Given records Block Start
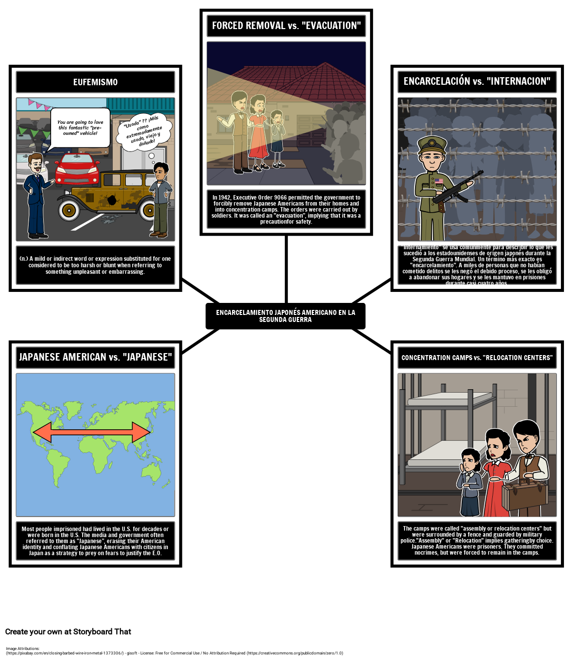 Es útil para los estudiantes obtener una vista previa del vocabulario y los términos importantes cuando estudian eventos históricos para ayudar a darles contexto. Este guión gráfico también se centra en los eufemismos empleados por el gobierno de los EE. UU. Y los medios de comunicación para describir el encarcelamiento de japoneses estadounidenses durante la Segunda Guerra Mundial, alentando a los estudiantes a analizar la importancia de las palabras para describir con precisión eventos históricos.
Given records Block End
Given records Block Start
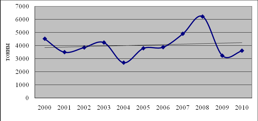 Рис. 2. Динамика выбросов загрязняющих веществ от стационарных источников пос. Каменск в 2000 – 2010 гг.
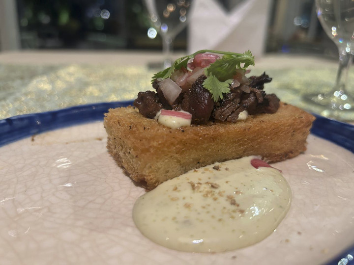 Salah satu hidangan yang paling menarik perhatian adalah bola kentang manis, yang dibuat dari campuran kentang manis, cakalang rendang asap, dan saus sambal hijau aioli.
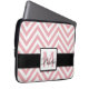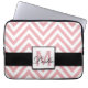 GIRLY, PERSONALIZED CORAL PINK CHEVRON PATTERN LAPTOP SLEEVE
Given records Block End
### Instructions for the task
Look back at the data above, then output exactly the lines from the line holding "Рис. 2. Динамика" up to and including the line holding "GIRLY, PERSONALIZED CORAL". Leave out the pictures.

### Your response
 Рис. 2. Динамика выбросов загрязняющих веществ от стационарных источников пос. Каменск в 2000 – 2010 гг.
 Salah satu hidangan yang paling menarik perhatian adalah bola kentang manis, yang dibuat dari campuran kentang manis, cakalang rendang asap, dan saus sambal hijau aioli.
 GIRLY, PERSONALIZED CORAL PINK CHEVRON PATTERN LAPTOP SLEEVE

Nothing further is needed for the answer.